ENGLISH

Sunshine stories

FRANÇAIS

Le soleil raconte


"I'll tell you a story," said the wind. "Kindly remember," said the Rain, "that it's my turn to talk. You've been howling around the corner at the top of your voice quite long enough."

"Is that the thanks I get for all of the favors I've done you?" the Wind blustered. "Many an umbrella I've turned inside out, or even blown to tatters, when people tried to avoid you."

"Be silent! It is I who shall speak," said the Sunshine, who spoke with such brilliance and warmth that the weary Wind fell flat on his back, and the Rain shook him and tried to rouse him, crying: "We won't stand for it. This Madam Sunshine is forever interrupting us. Don't lets listen to her. What she says is not worth hearing."

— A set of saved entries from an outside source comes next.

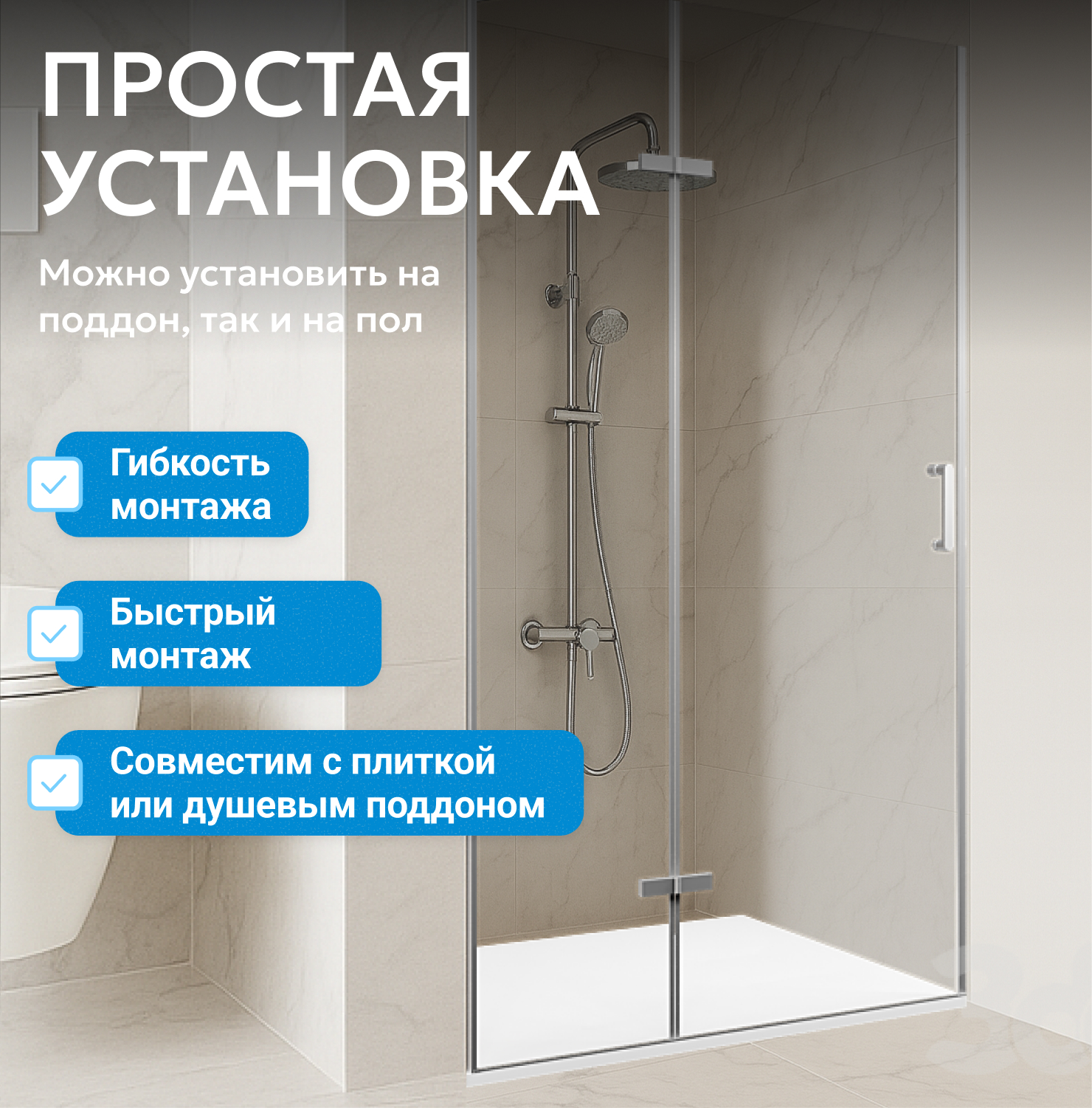 - возможна установка на пол и на поддон, поддон приобретается отдельно
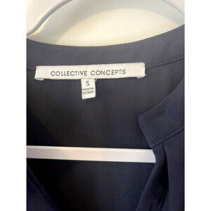 COLLECTIVE CONCEPTS Womens Navy Blue VNeck Button up S Sleeveless Blouse Chiffon
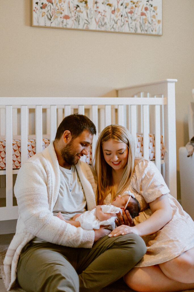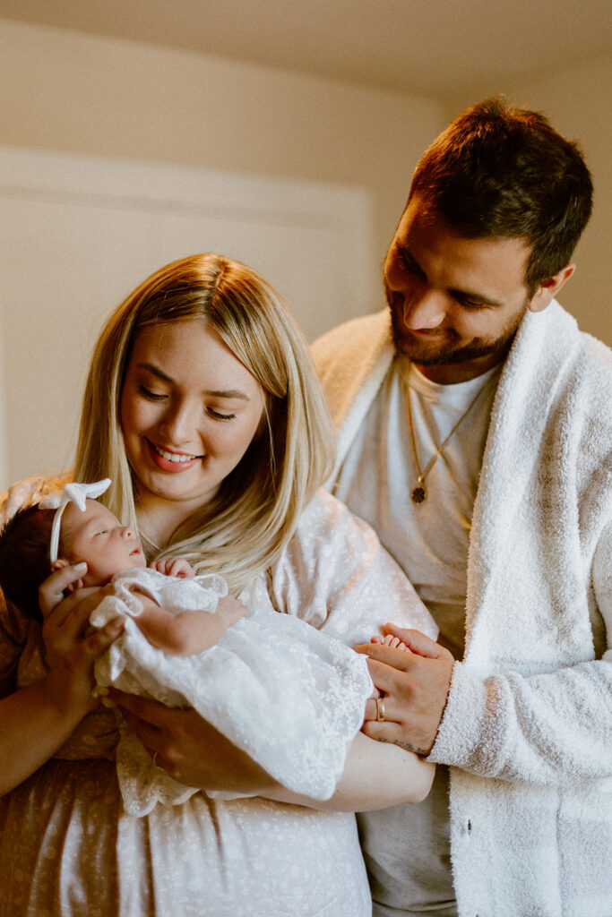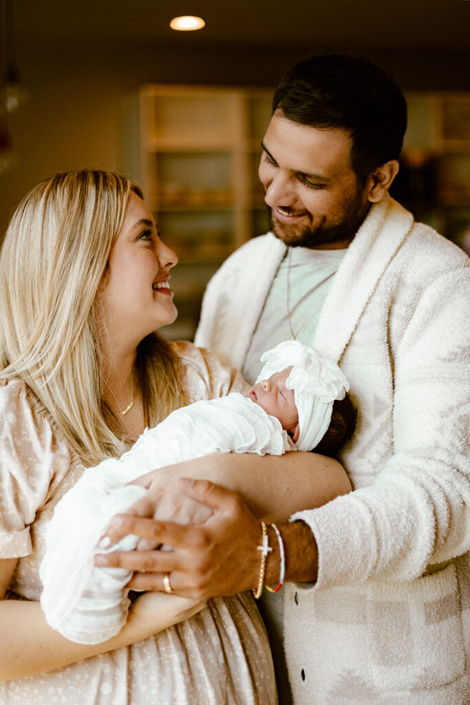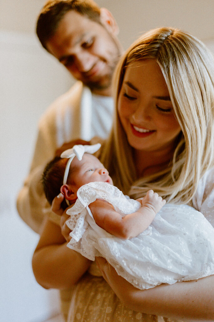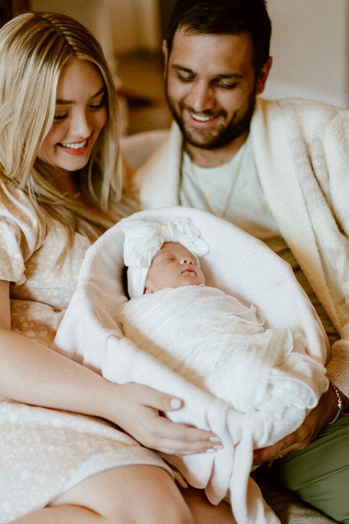 Photographing the journey of Victoria and Josh has been an incredible honor. From their pregnancy announcement in a sunlit field in Austin to the anticipation of their studio maternity session, and then to this newborn session at their home, each moment has been a testament to their growing love and excitement. This is almost TWO years ago now (I am clearly not good at posting oops) but I had the privilege of joining them in their cozy home to document the first few days with their beautiful daughter, Isabella :’)))
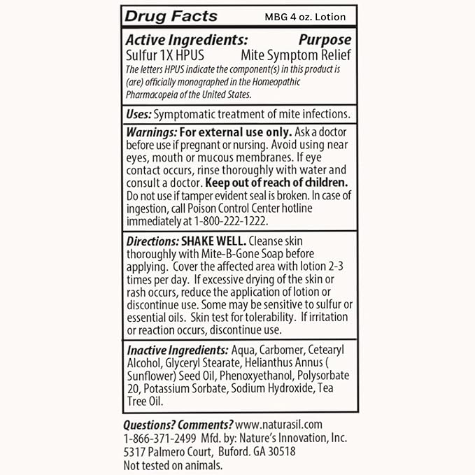 - Mite-B-Gone's Lotion is a 100% Natural Formula that includes Sunflower Seed Oil and Tea Tree Oil. This known soothing and anti-inflammatory blend quickly counteracts itching and progressively clears up discomfort.
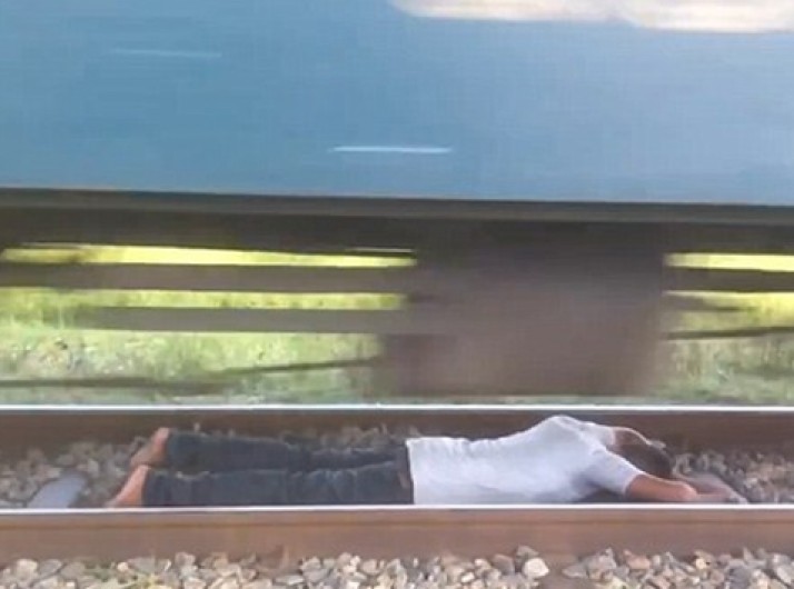 Homem fica deitado em trilhos durante passagem de trem
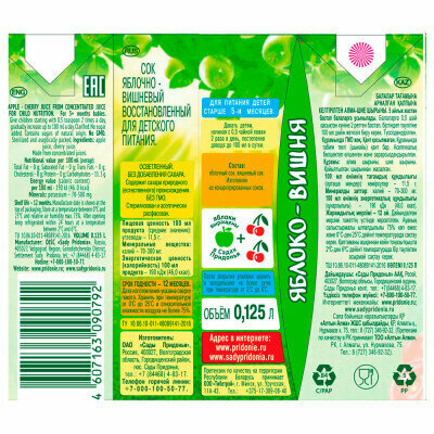 Сок сады придонья Яблоко, вишня, с 5 месяцев, 125мл интересное:
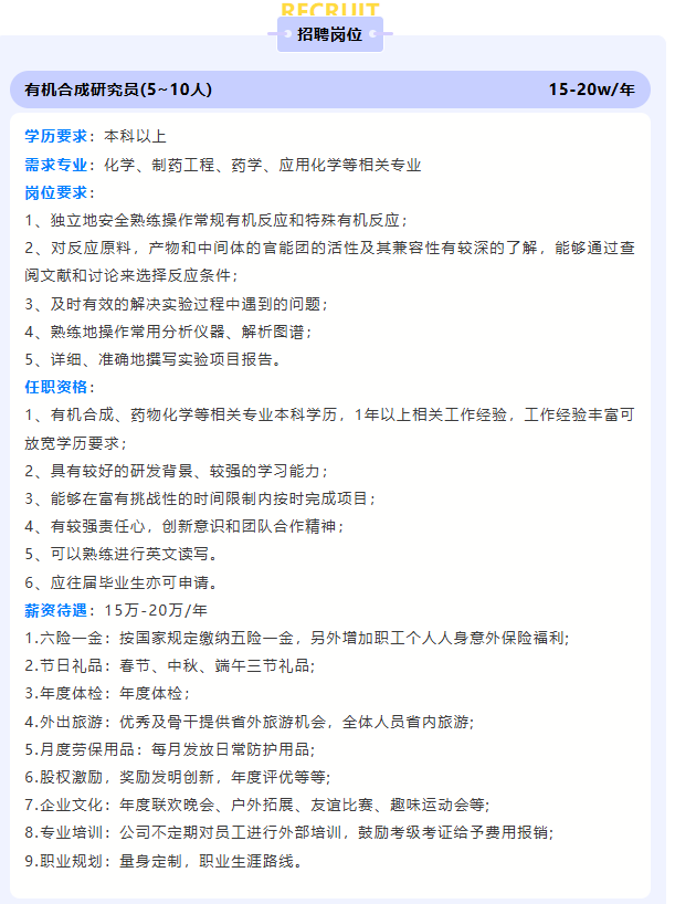 南京望知星醫(yī)藥科技有限公司是一家以研發(fā)藥品注冊過程中所涉及的雜質(zhì)對照品為核心,提供雜質(zhì)對照品定制合成、制備分離及藥品注冊過程中雜質(zhì)研究總體解決方案的服務(wù)型企業(yè)。核心團隊由奮斗在藥品注冊、藥物合成一線10余年的科學(xué)家組成,精通國內(nèi)藥品注冊法規(guī)及技術(shù)要求。自成立以來,我們一直注重研發(fā)領(lǐng)域的效率和創(chuàng)新,而雜質(zhì)研發(fā)作為我們的核心領(lǐng)域,我們歡迎新人的加入,一起為雜質(zhì)領(lǐng)域的事業(yè)而奮斗!
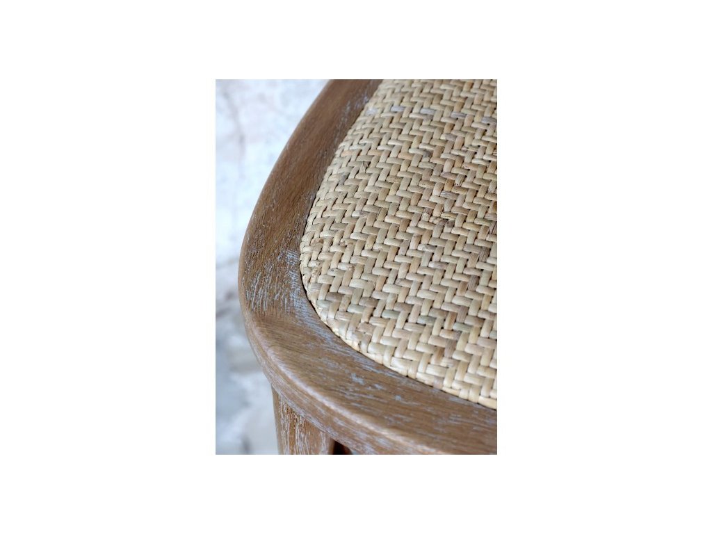 Sedák je jemne polstrovaný a potiahnutý najjemnejším prútím. Stolička je ručne vyrobená z masívneho dreva s elegantným svetlom moridlom, ktoré dokonale ladí s prúteným sedadlom. Krásna stolička k jedálenskému stolu v klasickom dizajne, so stopami francúzskeho vidieckeho štýlu. Jednoduché, ale pozoruhodné detaily svedčia o nadčasovom dizajne, ktorý skvele zapadne do viacerých štýlov interiéru.
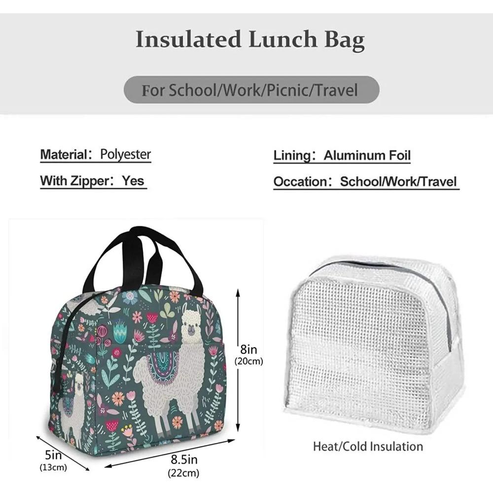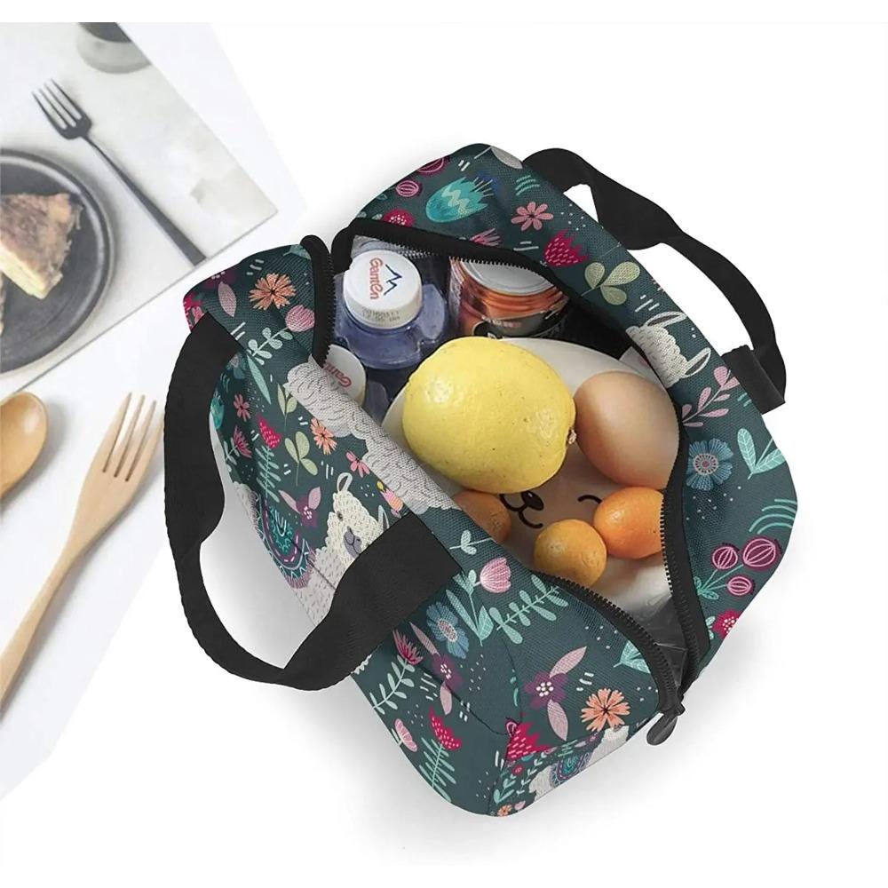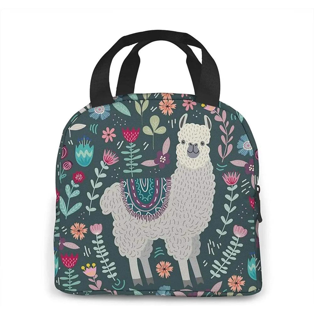 Сумка для ланча с цветочным принтом ламы для женщин, изолированный ланч-бокс с передним карманом для работы, многоразовая сумка-холодильник для пикника, похода, пляжа

And the Sunshine began: "A beautiful swan flew over the rolling, tossing waves of the ocean. Each of its feathers shone like gold. One feather drifted down above a great merchant ship that sailed the sea with all its canvas spread. The feather came to rest upon the curly hair of a young overseer who looked after the goods aboard that ship - supercargo they called him. The bird of fortune's feather touched his forehead, became a quill pen in his hand, and brought him such luck that he soon became a merchant, a man of wealth, a man so rich that he could wear spurs of gold and change a golden dish into a nobleman's shield. I know - I have shone on it," said the Sunshine.

"The swan flew far away, over a green meadow where a little shepherd boy, not more than seven years old, lay in the shade of an old tree, the only tree in that meadow. As the swan flew past it, she brushed one leaf from the tree. This leaf fell into the boy's hands, where it turned into three leaves, ten leaves - yes, it turned into all the leaves of a book. In this book he read of the many wonderful things that are in nature, about his native language, about faith, and about knowledge. Before he went to sleep he laid the book under his pillow to keep from forgetting what he had learned during the day. The wonderful book led him first to school, and then far into the fields of learning. I have seen his name where they carve the names of great scholars," the Sunshine said.

"The swan flew over the forest, where it was lonely and quiet. She came to rest on a deep blue lake, where the water lilies grow, where wild apple trees flourish along the shore, and where the cuckoo and wild pigeon make their nests.

"A poor woman was in the forest, gathering fallen branches. She carried them on her back, and held a baby in her arms. She saw the golden swan, that bird of fortune, rise from the rush-covered shore. What was this glittering thing the swan had left? It was a golden egg, still warm. She put it in her bosom, and the warmth stayed in it. Truly there was life in that egg. Yes, she heard a tapping inside the shell, but it was so faint that she mistook it for the sound of her own heartbeat.

"When she came home to her own poor cottage, she took the egg out to look at it. 'Tick,' it said, 'tick,' as if it had been a costly gold watch. But it was no watch. It was an egg, just about to hatch. The shell cracked open, and a dear little baby swan looked out. It was fully feathered, all in gold, and around its neck were four gold rings. As the poor woman had four boys - three at home and the baby she had carried in her arms - she knew that one of the rings was meant for each of her sons. As soon as she realized this, the little golden bird flew away. She kissed all of the rings, and she made each son kiss one of them, touch it against his heart, and wear it on his finger. I saw all this," said the Sunshine, "and I saw what came of it.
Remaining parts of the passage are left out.